* **Exercise**:
Return all of the data exactly as written, without the pictures.

* **Dataset content**:
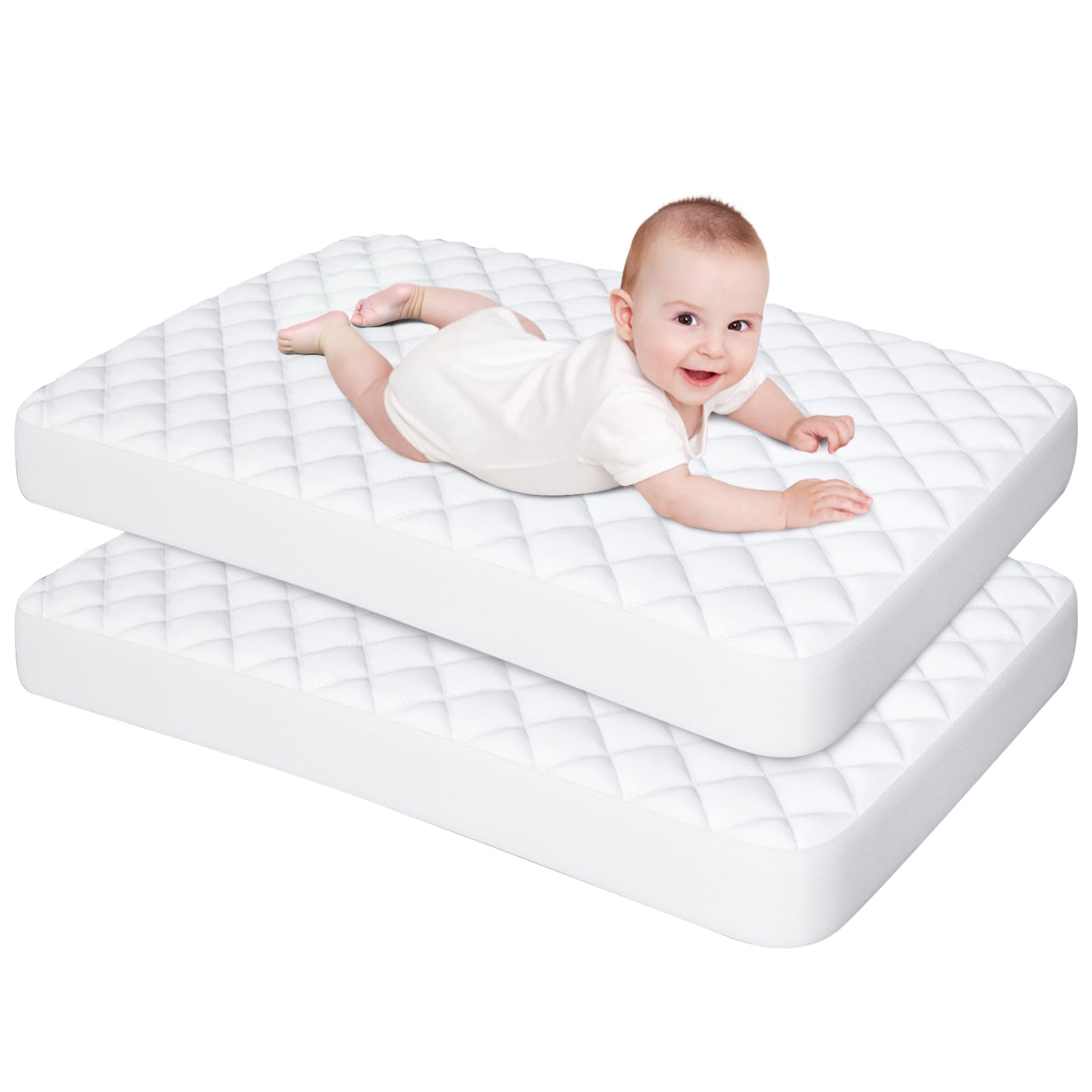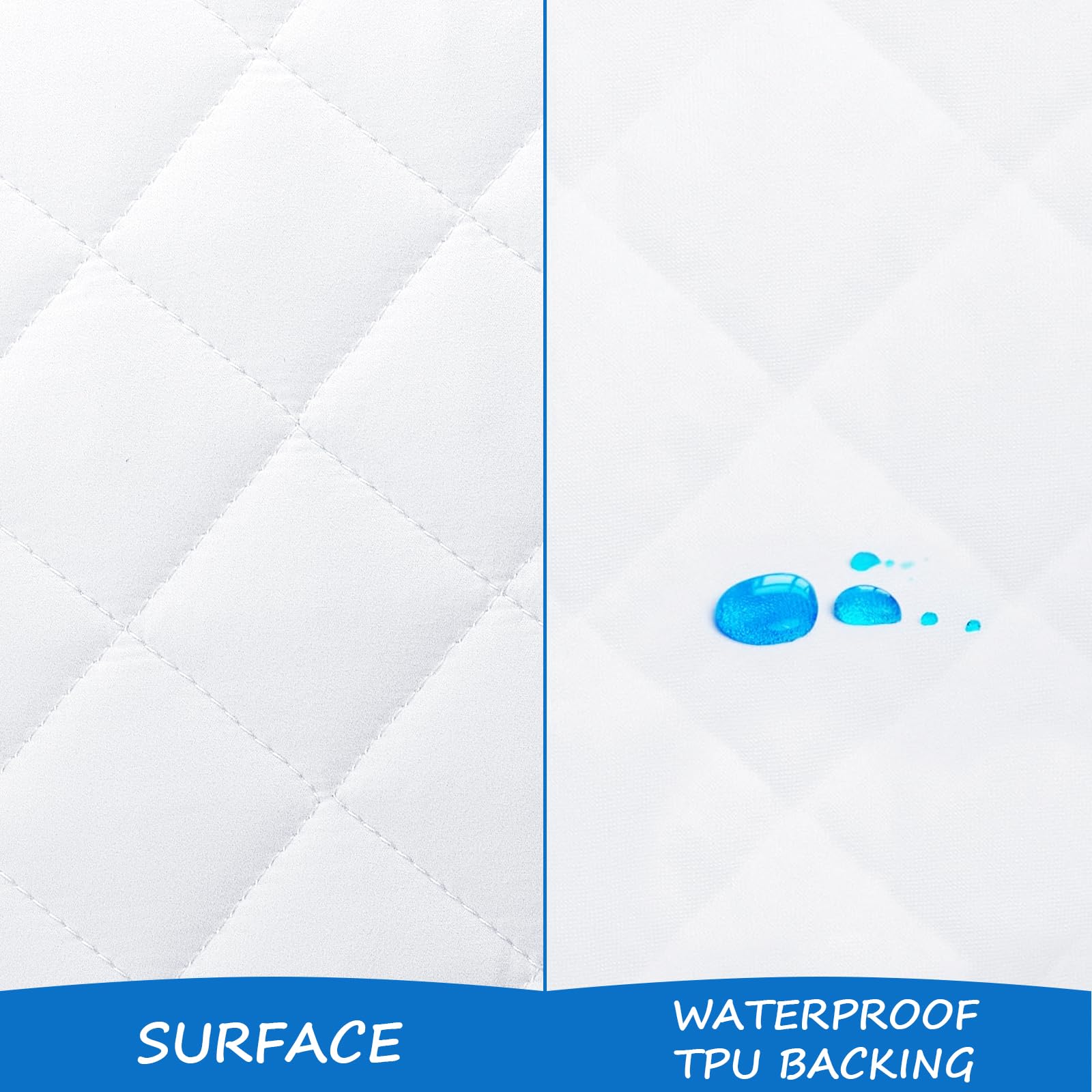 2 Pack. Ultra Soft Microfiber Surface, Waterproof Tpu Layer, Quilted and Absorbent Fiber Filling.
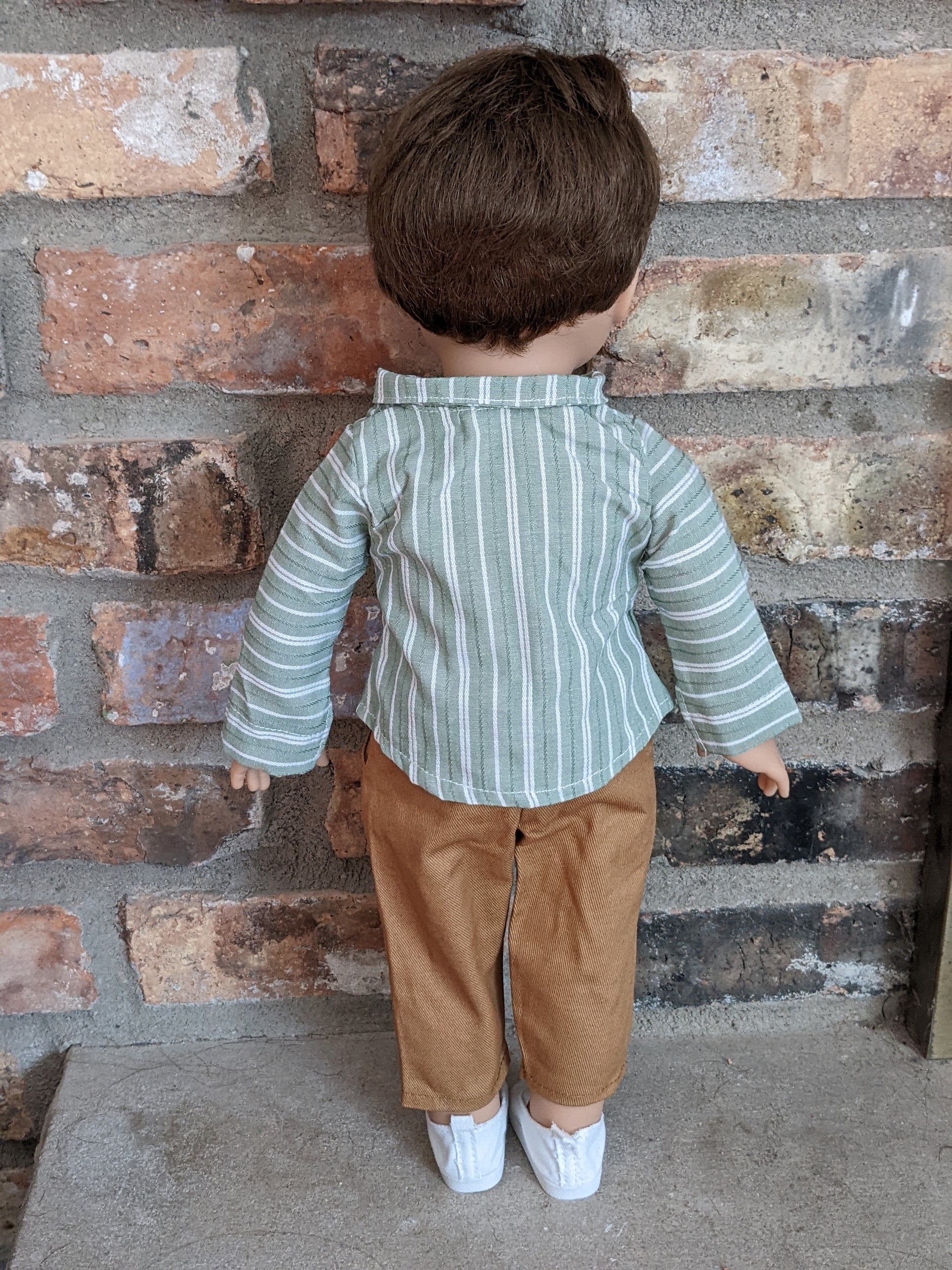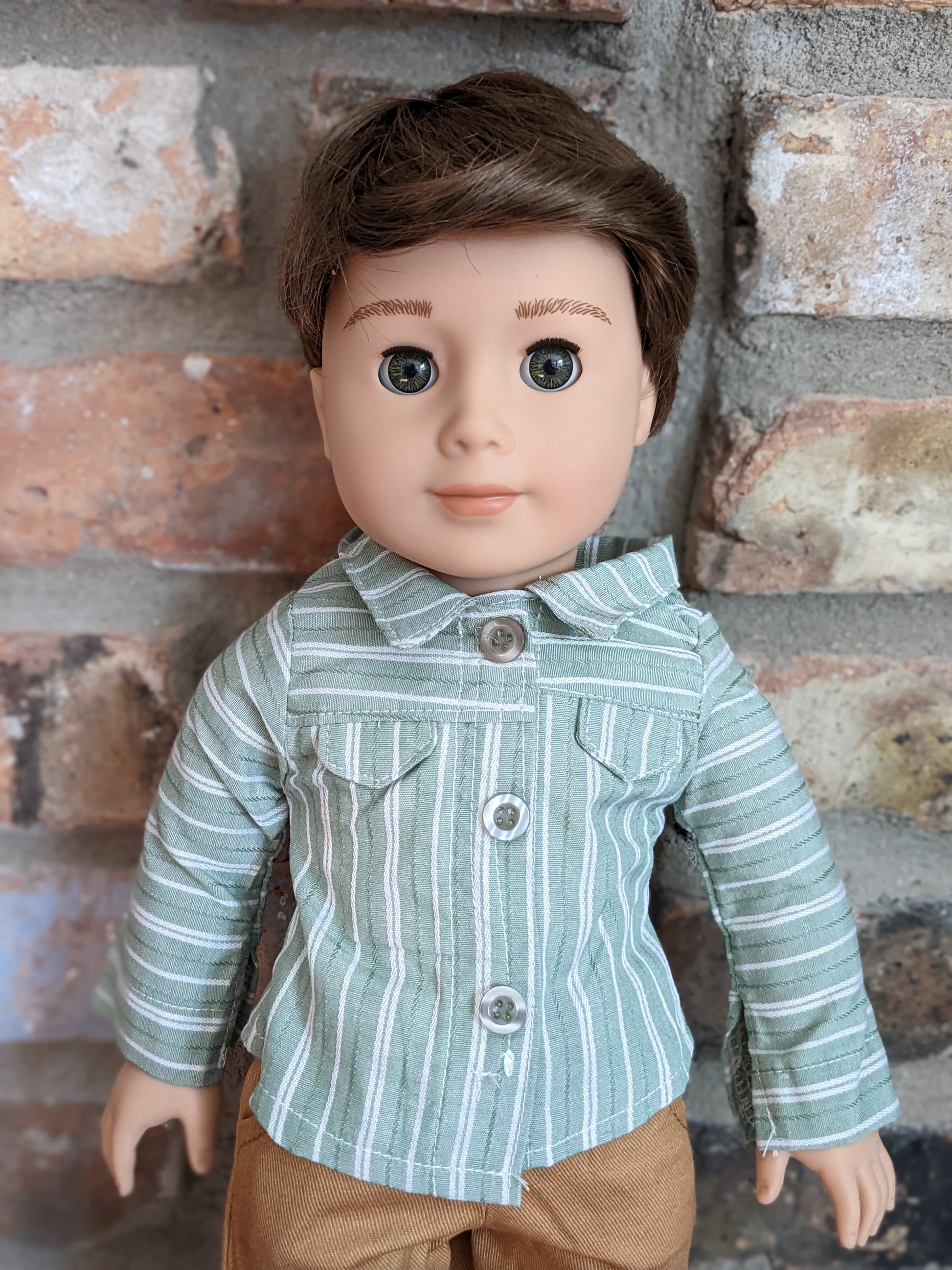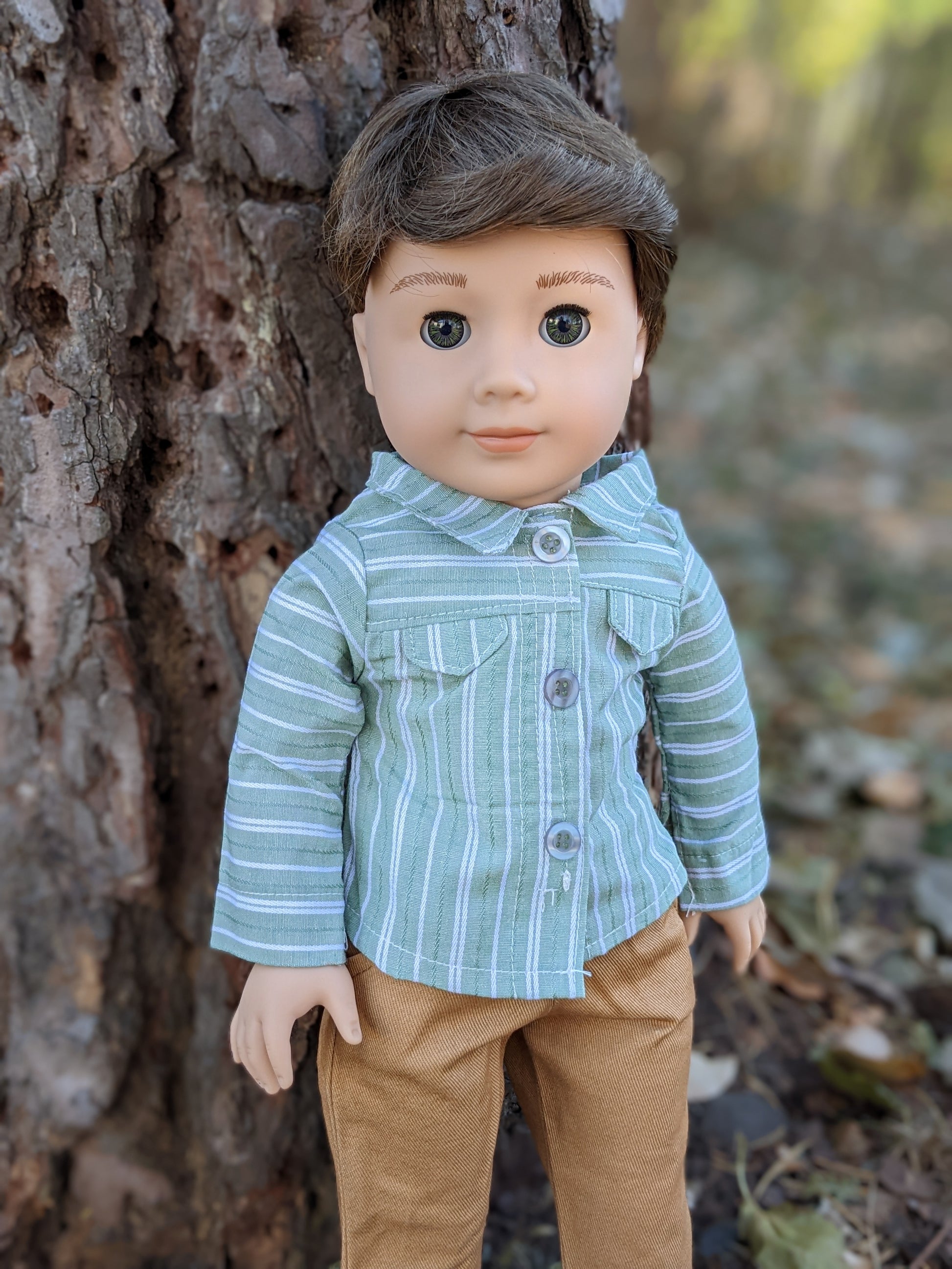 This one of a kind OOAK custom American Girl doll was created with a brand new Truly Me 104 doll, a brown wig from a new Logan doll, and hazel eyes. He may have some minor shine marks from handling. He comes with the outfit pictured.
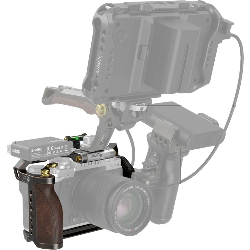 SmallRig Retro Cage for FUJIFILM X-T5 3870 is designed to protect the camera and provide accessory mounting points. The cage is endowed with a new punk style featuring a shutter button adapter frame and an ergonomic leather grip for improved shutter control and grip experience. It locks the camera via one 1/4"-20 screw at the bottom and two side lock adapters, with silicone pads preventing scratches. You will have full access to camera buttons, card slots, a flip screen, and a battery door.

* **Written solution**:
 2 Pack. Ultra Soft Microfiber Surface, Waterproof Tpu Layer, Quilted and Absorbent Fiber Filling.
 This one of a kind OOAK custom American Girl doll was created with a brand new Truly Me 104 doll, a brown wig from a new Logan doll, and hazel eyes. He may have some minor shine marks from handling. He comes with the outfit pictured.
 SmallRig Retro Cage for FUJIFILM X-T5 3870 is designed to protect the camera and provide accessory mounting points. The cage is endowed with a new punk style featuring a shutter button adapter frame and an ergonomic leather grip for improved shutter control and grip experience. It locks the camera via one 1/4"-20 screw at the bottom and two side lock adapters, with silicone pads preventing scratches. You will have full access to camera buttons, card slots, a flip screen, and a battery door.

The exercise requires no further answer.